Le Mexique des années 1860 : une vision alternative de l'ordre libéral international
En 1867, les dirigeants les plus puissants du monde, dont l'empereur autrichien Franz Josef, Napoléon III de France et le secrétaire d'État américain William H. Seward, ont imploré le gouvernement mexicain d'épargner la vie d'un condamné. Le Mexique, avec son armée disparate, venait de vaincre la France, alors première puissance terrestre européenne. Cette campagne coûteuse de six ans a vidé les caisses françaises et affaibli le soutien intérieur à Napoléon III. Son projet de transformer le Mexique en un empire client sous Maximilien Ier, un archiduc Habsbourg né à Vienne, s'est soldé par un échec retentissant. Capturé, Maximilien fut jugé par un tribunal militaire mexicain. Considéré comme un pair par les monarchies européennes, il fut condamné comme un envahisseur pirate, un usurpateur et un traître par les libéraux mexicains. Malgré les protestations indignées des cours européennes, le président Benito Juárez refusa de commuer sa peine. L'empereur autoproclamé fut exécuté par un peloton d'exécution.
Cette controverse dépassait le sort d'un monarque. Elle cristallisait un conflit entre deux visions opposées de l'ordre mondial, comme l'avait déclaré le président péruvien Ramón Castilla : une « guerre des couronnes contre les bonnets de la liberté ». Aujourd'hui, la politique mondiale est en pleine mutation. L'ordre international libéral, fondé sur le multilatéralisme, les marchés ouverts, les droits de l'homme et l'État de droit, traverse sa crise la plus grave depuis la Seconde Guerre mondiale.

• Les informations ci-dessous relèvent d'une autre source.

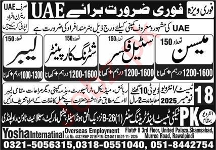 Yousha International Overseas Employment Corporation jobs advertisement dated about 17 November 2025 in daily Express Newspaper invites application for the vacant post of labor, shuttering carpenter, steel fixer and mason in UAE, uae UAE. Educational qualifications required Intermediate, Middle and Matric etc.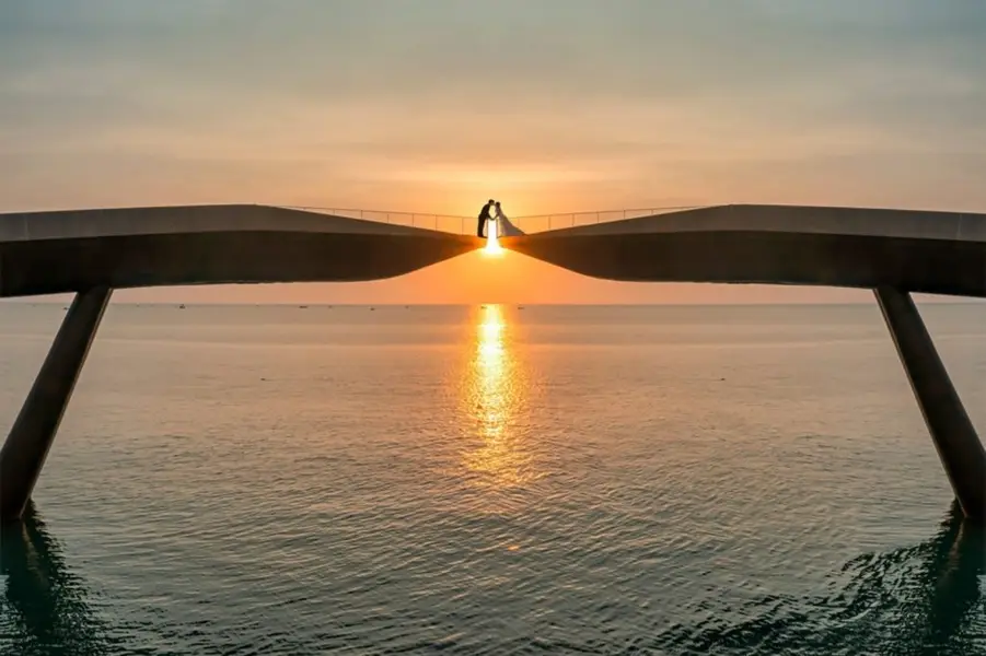 CẦU HÔN – KISS BRIDGE - điểm Check in hoàng hôn siêu lãng mạn của du khách không phân biệt độ tuổi, được Thế giới biết đến rộng rãi qua MV ca nhạc của các Ca sĩ nổi tiếng.. Quý khách có thể đứng từ bên bờ chụp toàn cảnh KISS BRIDGE khi ánh hoàng hôn vừa buông xuống

Les États-Unis, autrefois fervents défenseurs, bafouent ouvertement le droit international et sapent les normes qu'ils avaient promues. La Chine reste ambivalente, tandis que la Russie accélère sans complexe le délitement de cet ordre. Plus largement, l'ancien ordre d'après-guerre semble en décalage avec le Sud global et la colère suscitée par les doubles standards révélés par les guerres en Ukraine, à Gaza et en Iran. Face aux crises actuelles, un ordre mondial conçu par et pour les grandes puissances paraît à la fois insuffisant et voué à manquer de légitimité. Une réorganisation nécessitera le soutien d'acteurs divers, y compris des États du Sud global.
Les années 1860 furent une décennie turbulente, souvent négligée, de réorganisation mondiale. Les bouleversements technologiques – télégraphe, électricité, bateaux à vapeur et chemins de fer – semblaient aussi disruptifs que l'IA aujourd'hui. Combinés à des dynamiques de pouvoir changeantes, ces transformations ont accéléré l'expansion impériale. Pourtant, les règles du nouvel ordre demeuraient incertaines, même parmi les puissances impériales. En Europe, les réseaux de pouvoir dynastique pesaient encore en politique internationale. Sous pression croissante, l'ancien régime cherchait à se réinventer et à s'affirmer. Les vieux empires justifiaient souvent leur expansion en promettant d'apporter ordre et progrès.